Он шагал тогда по утрам к конюшням, почти примыкавшим к деревянному жилому бараку; здесь завербованные отвозчики (весь этот люд, двинувшийся в Сибирь за длинным рублем) получали лошадей, запрягали их и, сидя на передках, обмотанных холодными и погромыхивающими цепями, ехали к делянкам. Лошади были анемийные, выбракованные в сибирских селах и согнанные сюда, на лесосеку; на них от зари до зари стаскивали волоком огромные поваленные лесины к большой дороге, их били кнутами, палками по худым, впалым бокам, понукали криком и матом, чтобы выгнать норму и заработать побольше. «Деньгу зашибают», — думал Ипатин, и в его тогда еще не совсем огрубевшей душе шевелилась жалость к истощенным и измученным животным.
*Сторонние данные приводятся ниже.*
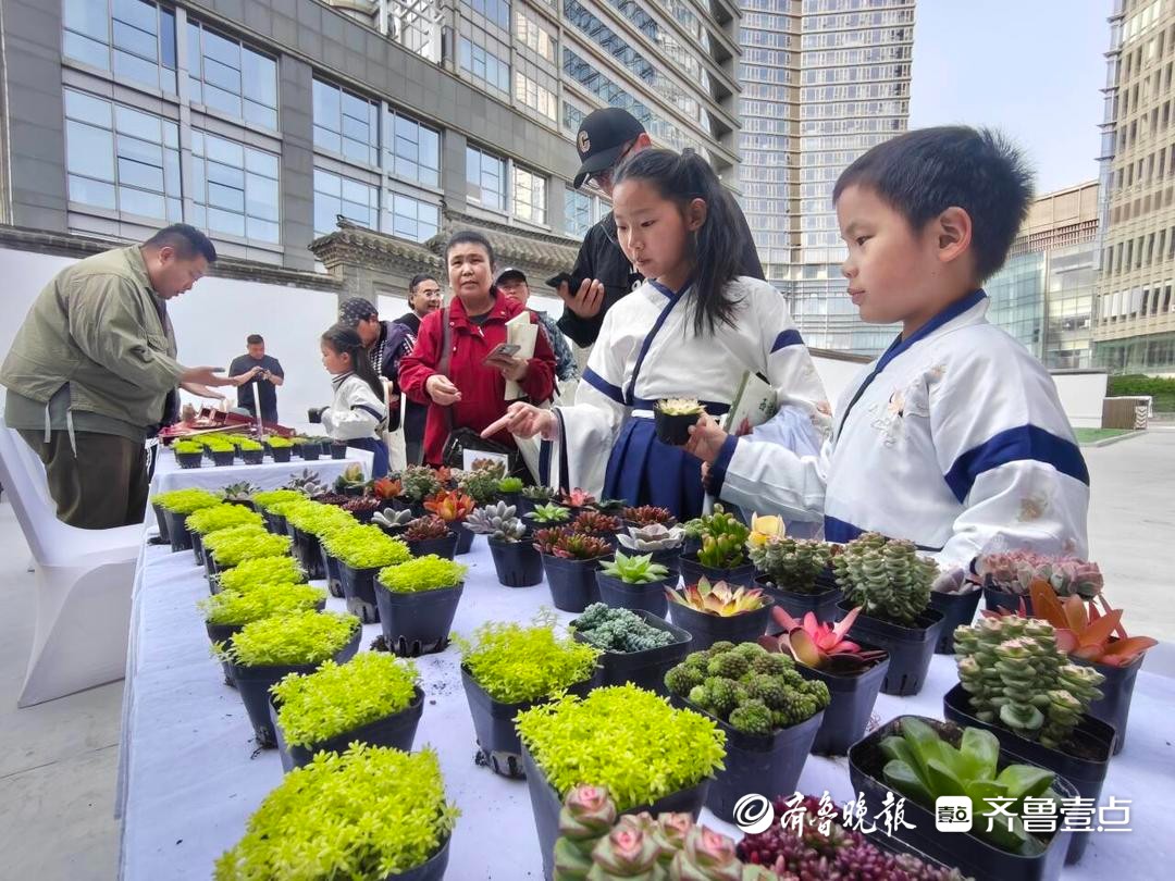 除此之外,全民阅读公益体验区更是人气高涨。最火爆的当属“以书易绿 阅见生机”旧书换绿植公益行动展位。200余盆胖嘟嘟的多肉植物摆满展台,孩子们排着队用旧书换绿植。志愿者郭正宇忙得满头大汗:“孩子们太热情了,1本旧书换1盆多肉,这些回收的书籍将统一捐赠到芝罘区社区文化书院,让书香继续漂流。”

Он был хозяином в ту минуту, а не завербованным отвозчиком, когда выводил из конюшни закрепленную за ним лошадь, похлопывая ее ладонью по лохматой и жилистой шее, когда запускал руки под гриву и чувствовал тепло, и это было особенно приятно в морозные дни, и когда надевал хомут на послушно вытянутую морду и потом, медленно и деловито приговаривая: «Ногу, ну, ногу!» — заводил в оглобли; и когда ехал к делянке, сидя на передке, свесив ноги и поглядывая на раскачивающийся впереди тощий и костистый круп лошади, на траву под колесами, тонкую и бледную, веками заглушавшуюся непроходимой тайгой, на пни, выкорчеванные и собранные в кучи для сжигания, на огромные черные круги горевших вчера костров, на кедры (их не вырубали, и они стояли теперь, как в степи, одиноко и величественно), на синюю и все приближавшуюся кромку тайги, откуда уже доносились голоса работающих на повале людей, удары топоров, жужжание пил и треск падающих деревьев.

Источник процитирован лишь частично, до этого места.